═════ EXTRACTED RECORDS ═════

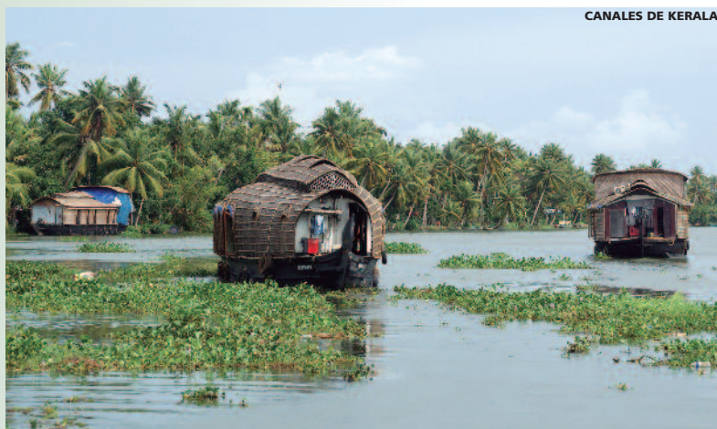
CANALES DE KERALA

Existe la posibilidad de realizar su viaje en los emblemáticos hoteles de las cadenas Taj y Oberoi Hotels. Rogamos consulte suplemento para las distintas temporadas.
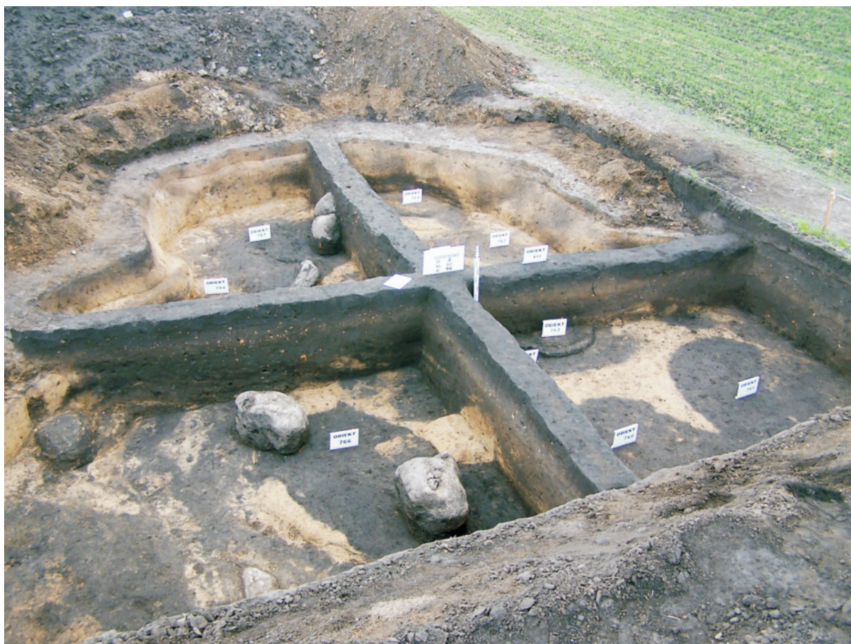
Fot. 24. Ludwinowo, stan. 3, pow. Włocławek. Obiekt 411 – glinianka kultury przeworskiej w trakcie eksploracji.
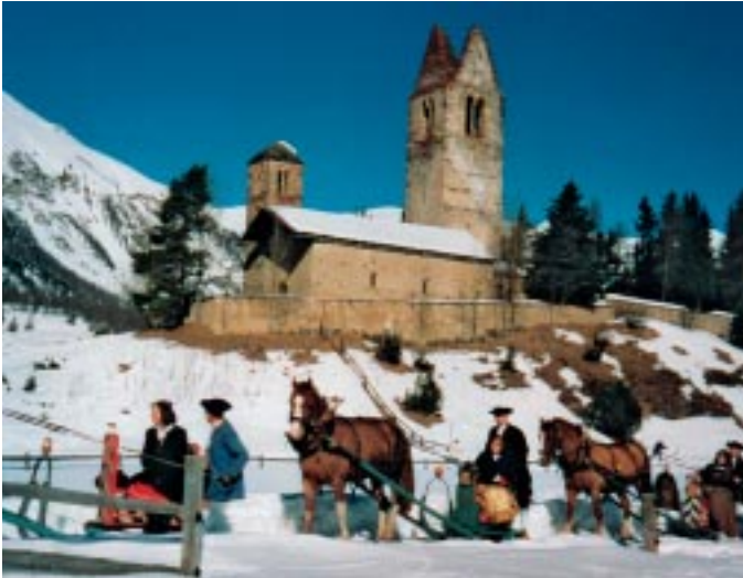
Schlitteda dal 2003 tar San Gian

tuots sun pronts, do el alura il segn da partenza. Cun güvels as metta la serp da schlittas plaunet in muvimaint. La ruta ans maina aint per la Via da las Gennas fin aint a Punt Muragl. Lo passainsa suravi la rundella e'ns instradains vers San Gian. Già düraunt quist prüm traiget badainsa, cha las bunuras in Engiadina paun esser magari fraidas e mincha giuvna, chi ho piglio cun se üna cuverta, es furtüna da's pudair paquetter aint. Ils giuven haun oramai da tgnair dür e da tegner ils frandavels.
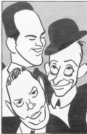
Das unwiderstehliche Trio der «Wiener Brothers» assistiert John Payne, Alice Faye und César Romero im Musik-Film-Schlager «Hallo Amerika!» der 20th Century-Fox.
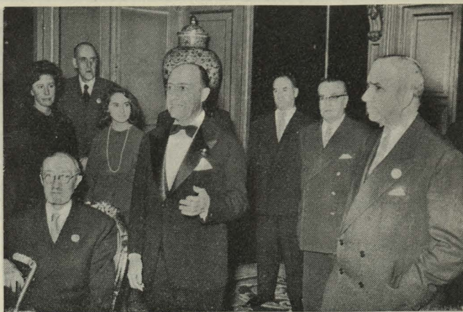
El Conde de Mayalde se dirige a los participantes en el XXIV Congreso Luso-Español de Ciencias

El Conde de Mayalde les dirigió palabras de salutación, a las que contestó el Presidente del Congreso, señor Lora

═════

TASK OBJECTIVE
Your task is to repeat the opening line of the entries above and each line after it, ending with the line that has "tuots sun pronts, do". Do not include the pictures.

COMPLETED TASK
CANALES DE KERALA

Existe la posibilidad de realizar su viaje en los emblemáticos hoteles de las cadenas Taj y Oberoi Hotels. Rogamos consulte suplemento para las distintas temporadas.
Fot. 24. Ludwinowo, stan. 3, pow. Włocławek. Obiekt 411 – glinianka kultury przeworskiej w trakcie eksploracji.
Schlitteda dal 2003 tar San Gian

tuots sun pronts, do el alura il segn da partenza. Cun güvels as metta la serp da schlittas plaunet in muvimaint. La ruta ans maina aint per la Via da las Gennas fin aint a Punt Muragl. Lo passainsa suravi la rundella e'ns instradains vers San Gian. Già düraunt quist prüm traiget badainsa, cha las bunuras in Engiadina paun esser magari fraidas e mincha giuvna, chi ho piglio cun se üna cuverta, es furtüna da's pudair paquetter aint. Ils giuven haun oramai da tgnair dür e da tegner ils frandavels.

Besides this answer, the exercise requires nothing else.